Xe Bulletin – 23 mai 1809 – Histoire du Consulat et du Premier empire

DIXIÈME BULLETIN DE L’ARMÉE

(Moniteur du 31 mai 1809.)

Ebersdorf, 23 mai 1809

Vis-à-vis Ebersdorf, le Danube est divisé en trois bras séparés par deux îles. Se la rive droite à la première île, il y a deux cent quarante toises; cette île a à peu près mille toises de tour. De cette île à la grande île, où est le principal courant, le canal est de cent vingt toises. La grande île, appelée ln-der-Lobau, a sept mille toises de tour, et le canal qui la sépare du continent a soixante et dix toises. Les premiers villages que l’on rencontre ensuite sont Aspern, Essling et Enzersdorf. Le passage d’une rivière comme le Danube, devant un ennemi connaissant parfaitement les localités et ayant les habitant pour lui, est une des plus grandes opérations de, guerre qu’il soit possible de concevoir.
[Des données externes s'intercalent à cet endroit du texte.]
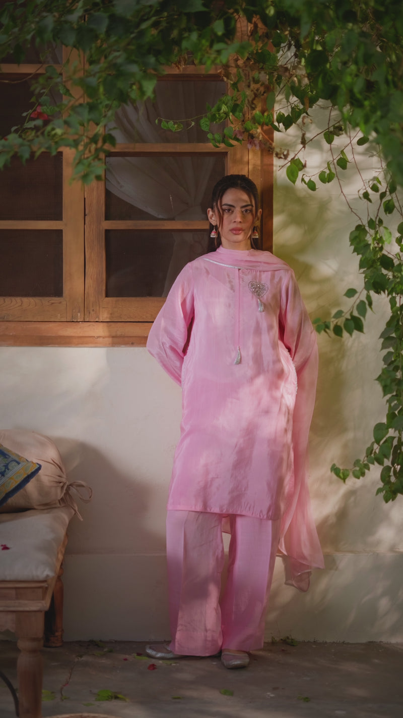 cute pink raw silk outfit, featuring traditional adda and zari embroidery. A heart-shaped motif embellishment adds a playful yet elegant accent, making it perfect for festive or casual ethnic occasions.Complete the look with the optional chiffon dupatta for a soft, flowing finish. Comfortable, stylish, and timeless, this outfit is ideal for those who love a mix of classic ethnic charm and modern cuteness

Le pont de la rive droite à la première île et celui de la première île à celle d’ln-der-Lobau ont été faits dans la journée du 19, et dès le 18, la division Molitor avait été jetée par des bateaux à rames dans la grande île.

Le 20, l’Empereur passa dans cette île et fit établir un pont sur le dernier bras, entre Aspern et Essling. Ce bras n’ayant que soixante et dix toises, le pont n’exigea que quinze pontons et fut jeté en trois heures par le colonel d’artillerie Aubry.

Le colonel Sainte-Croix, aide de camp du maréchal due de Rivoli, passa le premier dans un bateau sur la rive gauche.

La division de cavalerie légère du général Lasalle et les divisions Molitor et Boudet passèrent dans la nuit.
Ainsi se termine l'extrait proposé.